- The task -
Leave the pictures out and write out exactly the lines from the top of the entries through the line containing "A causa del".

- Supplied material -
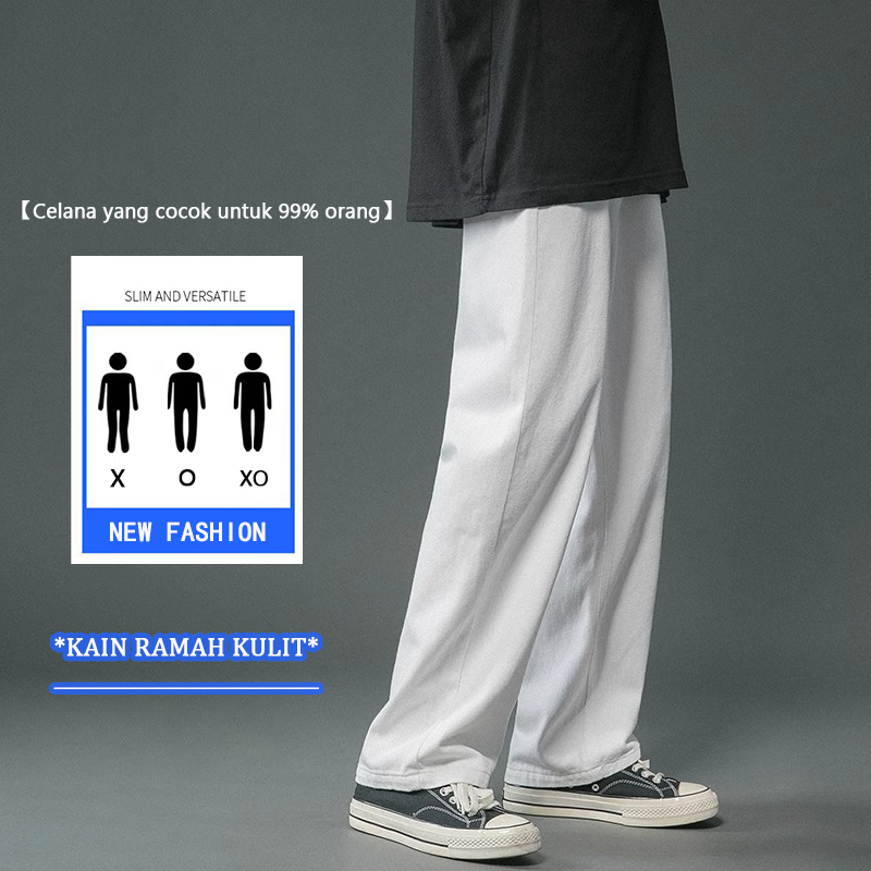 Celana Jeans Pria Baggy Celana Panjang Putih Oversize Straight Korean Style Blue Celana Kulot Jeans
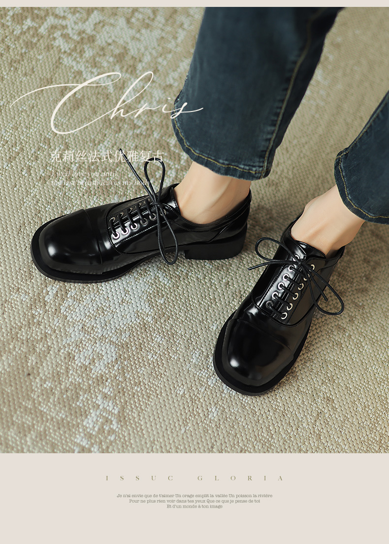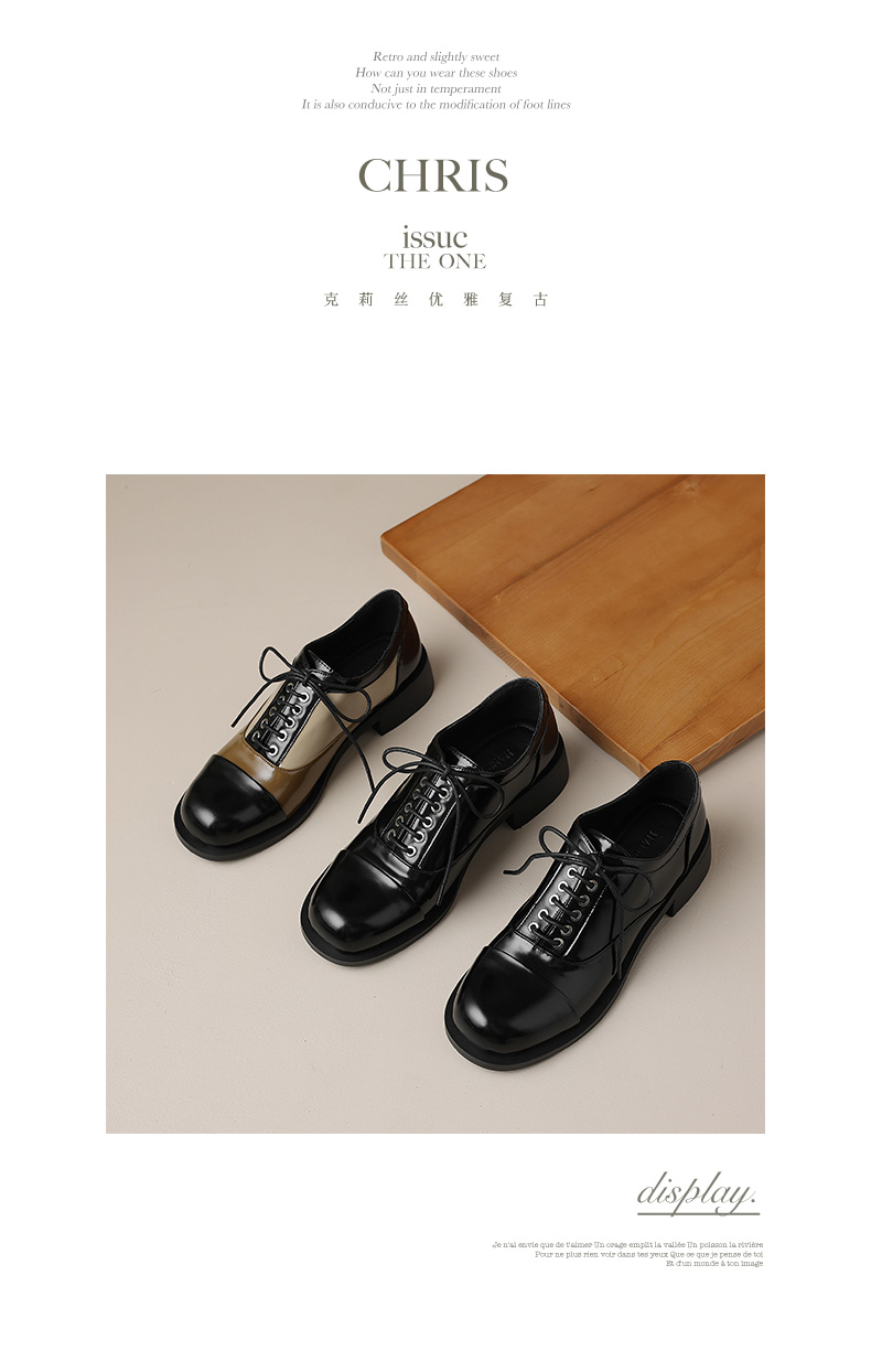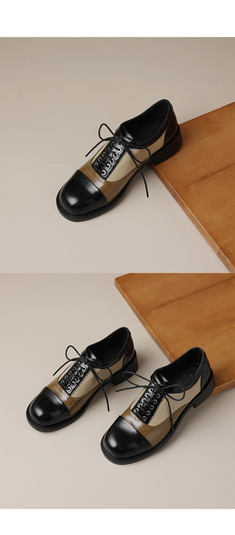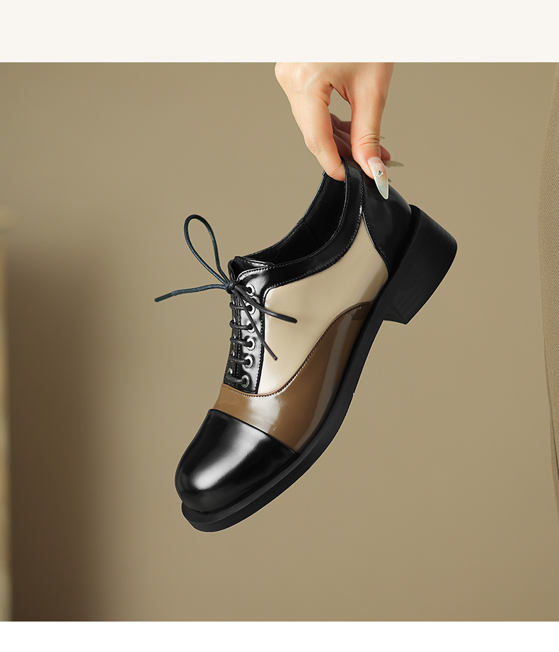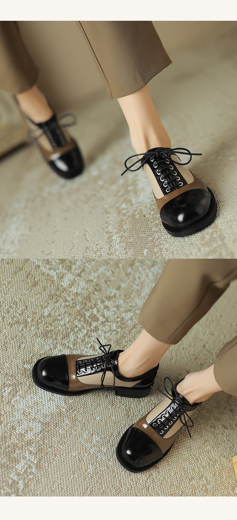 秋季新款,圆头真皮拼色绑带小皮鞋ML-m1601
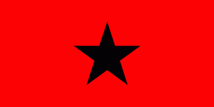 it is red with a large black star in the middle of the flag. Please
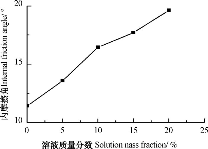 图 2 两种溶液(1:1)作用对内摩擦角的影响 Fig. 2 Effect of the mixture of the two solutions (1:1) on internal friction angle |
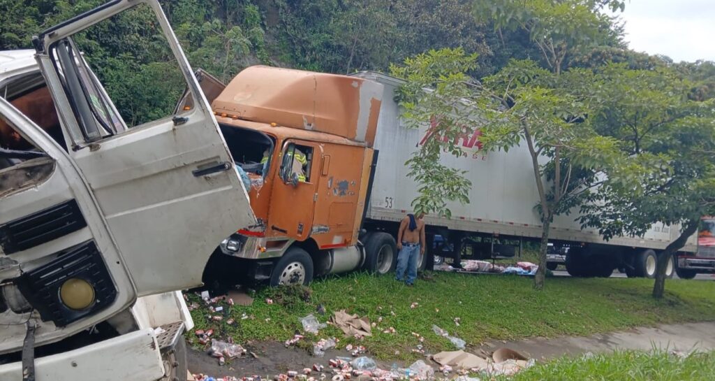 A causa del percance se produjo un derrame de aceite, que fue atendido por elementos del Cuerpo de Bomberos. Uno de los camiones volcó y la mercadería que transportaba quedó esparcida sobre la vía.
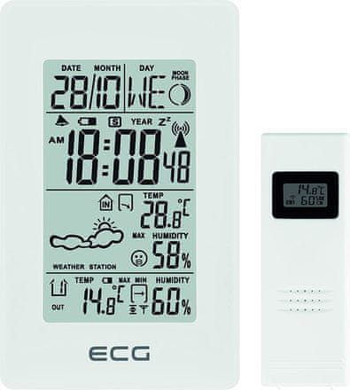 Osim uobičajenih podataka o temperaturi i vremenskih informacija, meteorološka stanica ECG MS 100 White funkcionira i kao sat (prikazuje sate, minute, sekunde), budilica ili kalendar. U slučaju sata, možete postaviti 12-satni ili 24-satni format prema svojim željama. Također možete koristiti budilicu, gdje meteorološka stanica također ima funkciju odgode alarma od 5 minuta. Zaslon također prikazuje datum. Bonus je prikaz mjesečeve mijene.
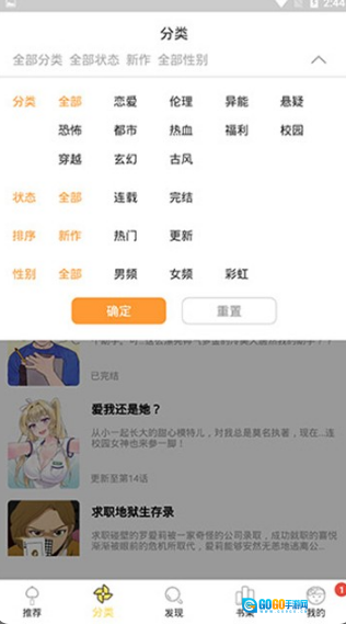 2、在这款软件中你可以使用分类功能来找特定的漫画
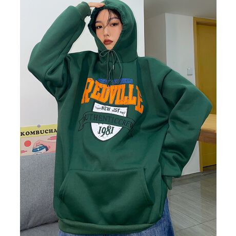 オーバーサイズ カレッジロゴ ルーズ スウェット パーカー
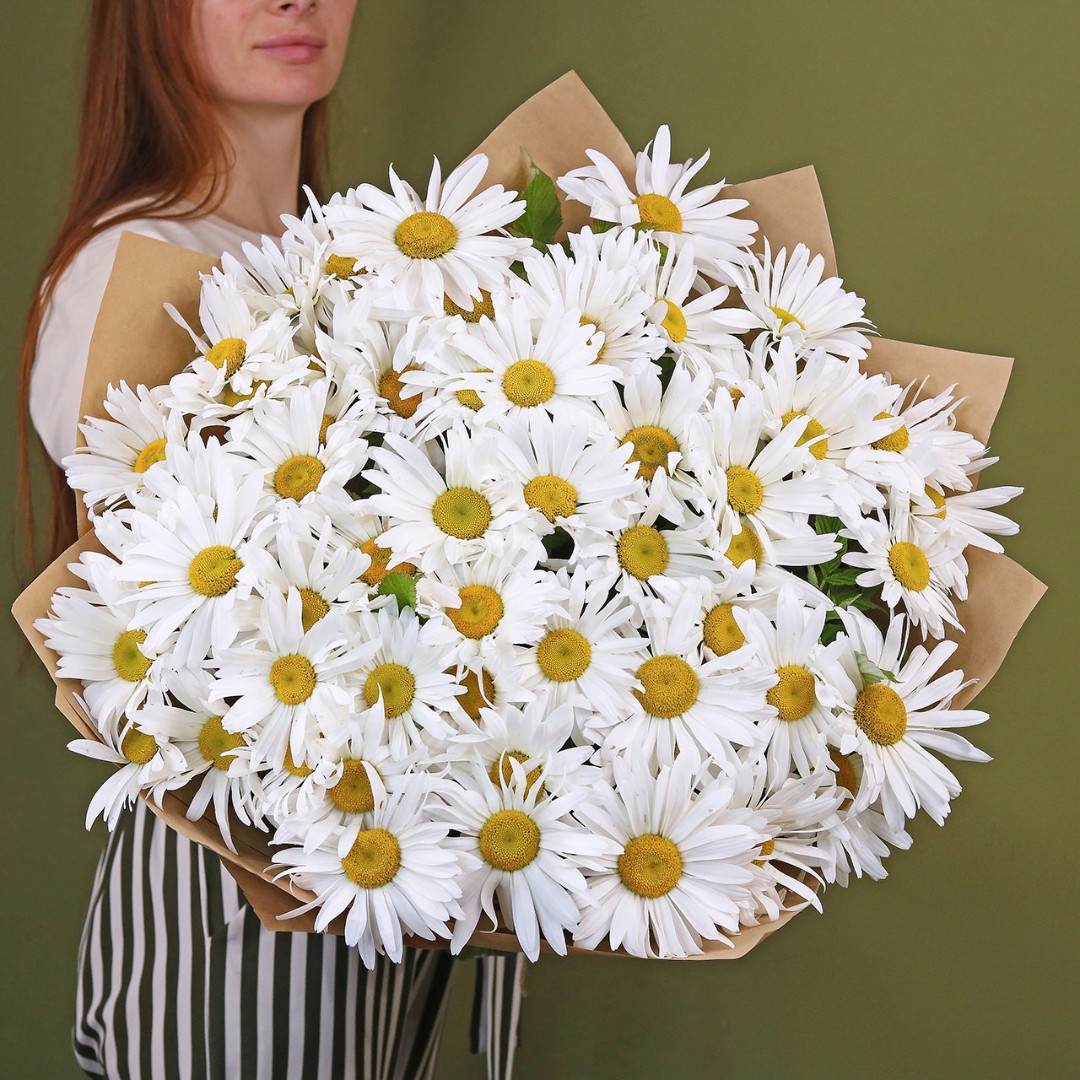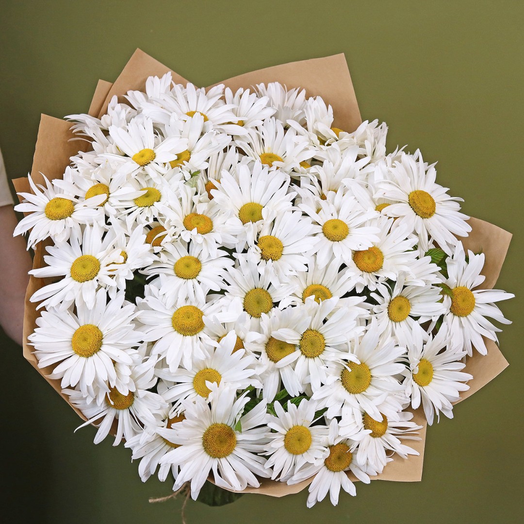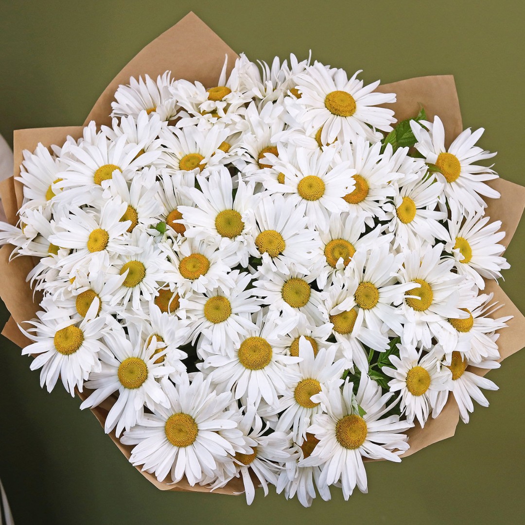 Букет из крупных садовых Ромашек. Вы можете выбрать любое количество цветов указанное в перечне к данному букету.

- Answer to this problem -
 Celana Jeans Pria Baggy Celana Panjang Putih Oversize Straight Korean Style Blue Celana Kulot Jeans
 秋季新款,圆头真皮拼色绑带小皮鞋ML-m1601
 it is red with a large black star in the middle of the flag. Please
 图 2 两种溶液(1:1)作用对内摩擦角的影响 Fig. 2 Effect of the mixture of the two solutions (1:1) on internal friction angle |
 A causa del percance se produjo un derrame de aceite, que fue atendido por elementos del Cuerpo de Bomberos. Uno de los camiones volcó y la mercadería que transportaba quedó esparcida sobre la vía.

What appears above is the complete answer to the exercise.